General characteristics
Tonnage: 9,210 GRT
Length: 463 ft (141 m)
Beam: 56 ft (17 m)
Speed: 18 knots (33 km/h; 21 mph)
  • 180 (first class)
  • 150 (second class)
  • 1,200 (third class)
Notes: Two funnels, two masts

The SS Principessa Mafalda was an Italian transatlantic ocean liner built for the Navigazione Generale Italiana (NGI) company. Named after Princess Mafalda of Savoy, second daughter of King Victor Emmanuel III, the ship was completed and entered NGI's South American service between Genoa and Buenos Aires in 1909. At the time she was the largest Italian passenger ship afloat.[1] Principessa Mafalda was known for her luxury and was the preferred mode of travel for such celebrities of the day as Carlos Gardel.[2] Her sister ship SS Principessa Jolanda had sunk immediately upon launching on 22 September 1907.

On 25 October 1927, while off the coast of Brazil, a propeller shaft fractured and damaged the hull. The ship sank slowly in the presence of rescue vessels, but confusion and panic resulted in 314 fatalities out of the 1,252 passengers and crew on board the ship. The sinking resulted in the greatest loss of life in Italian shipping[3] and the largest ever in the Southern Hemisphere in peacetime.[4]

Early history[edit]

Principessa Mafalda was built at Cantiere Navale di Riva Trigoso with her sister, the SS Principessa Jolanda. In 1907 the Jolanda sank during her launch in a dramatic spectacle.[1] The sinking was the result of mistakes in launch procedures and not flaws in vessel design. Principessa Mafalda was launched on 22 October 1908 without her superstructure installed in order to avoid the same accident.[5] She was finally completed on 30 March 1909 and became the flagship of the NGI. In 1910 she played a part in the development of long distance radio communication when Guglielmo Marconi conducted experiments on board.[6]
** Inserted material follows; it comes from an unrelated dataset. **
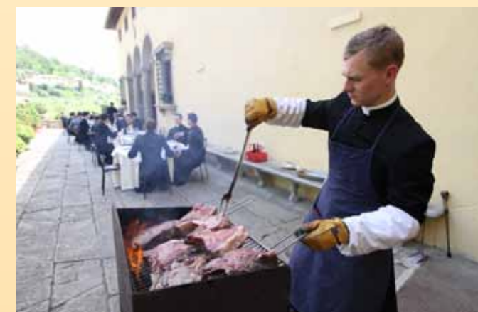
Grillade un jour de fête

Specifically designed for voyages between Genoa and Buenos Aires, Principessa Mafalda was considered the best ship on this route for several years. She had a luxurious two-story ballroom, spacious cabins in Louis XVI style and traveled at a relatively rapid 18 knots. On the eve of World War I, 22 August 1914, she made her one and only voyage between Genoa and New York City. During the war she was requisitioned by the Italian Royal Navy and housed officers at Taranto. She resumed her prewar South American service in 1918. She remained the NGI's flagship until 1922, when the SS Giulio Cesare assumed the role. By 1926 the Mafalda had made over 90 long but uneventful round trips and had a reputation for "faded luxury."[2]

On 10 January 1920, the ship was reported missing due to hitting a mine with a full loss of life. [7] Two days later, it sent a radio signal that it was safe and was proceeding as normal. [8]
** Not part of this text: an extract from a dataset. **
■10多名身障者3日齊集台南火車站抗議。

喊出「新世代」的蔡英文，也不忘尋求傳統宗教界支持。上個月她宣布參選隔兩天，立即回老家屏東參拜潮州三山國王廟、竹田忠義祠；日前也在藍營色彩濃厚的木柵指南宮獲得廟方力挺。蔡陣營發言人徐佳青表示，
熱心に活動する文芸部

Last voyage and sinking[edit]

On 11 October 1927 Principessa Mafalda sailed from Genoa for Buenos Aires with intermediate stops scheduled at Barcelona, Dakar, Rio de Janeiro, Santos and Montevideo. The ship was under the command of Captain Simone Gulì with 971 passengers and 281 crew aboard. She also carried 300 tonnes of cargo, 600 bags of mail, and 250,000 gold lire destined for the Argentine government. The trip was to take 14 days.[citation needed]

It soon became apparent that the ship was in poor condition. Principessa Mafalda left Barcelona almost a day late due to mechanical problems and several times she slowed to a complete stop on the high seas, sometimes for hours. Water in bathrooms became intermittent.[9] A refrigeration system failure caused tons of food to spoil, resulting in numerous cases of food poisoning. At the stop at Cape Verde, Captain Gulì telegraphed the company to request a replacement vessel, but was told "Continue to Rio and await instructions." With the ship resupplied with fresh food and partially repaired, he took her out onto the Atlantic.[10]
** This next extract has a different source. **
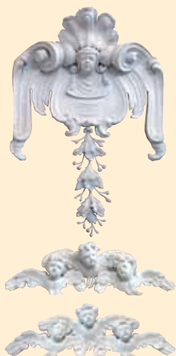
Particolari degli stucchi che decorano l'oratorio restaurati nel 2003.

By 23 October Principessa Mafalda had developed a small but noticeable list to port. The passengers, who had received few explanations for the previous breakdowns, now began to worry that the ship was taking on water. Although far behind schedule, she was finally traveling at full steam off the coast of northern Brazil on the 24th.[9] Life aboard then flowed more quietly with the longest part of the journey nearly complete. On crossing the Equator, a line-crossing ceremony was organized on deck with orchestra music and a huge cake.[11]

Around 17:15 hours on 25 October 1927, near the Abrolhos Archipelago, 80 miles off Salvador de Bahia, Brazil, the ship was rocked by several strong shudders.[5] Passengers were initially assured that this was only due to the loss of a propeller and the situation was not dangerous.[10] However, on the bridge the engineer reported that the starboard propeller shaft had indeed fractured, but it had also traveled off its axis and cut a series of gashes in the hull. Complicating matters, the watertight doors could not be fully closed.[5] At 17:35 Captain Gulì sounded the alarm and ordered the radio officer to send SOS. He also stated this was merely a precaution as he believed his ship could stay afloat until the next day. Two ships, the SS Empire Star (British) and Alhena (Dutch), arrived quickly. With clear weather and rescue nearby, it seemed that the situation was in hand. However, panic began to spread among both passengers and crew.[12]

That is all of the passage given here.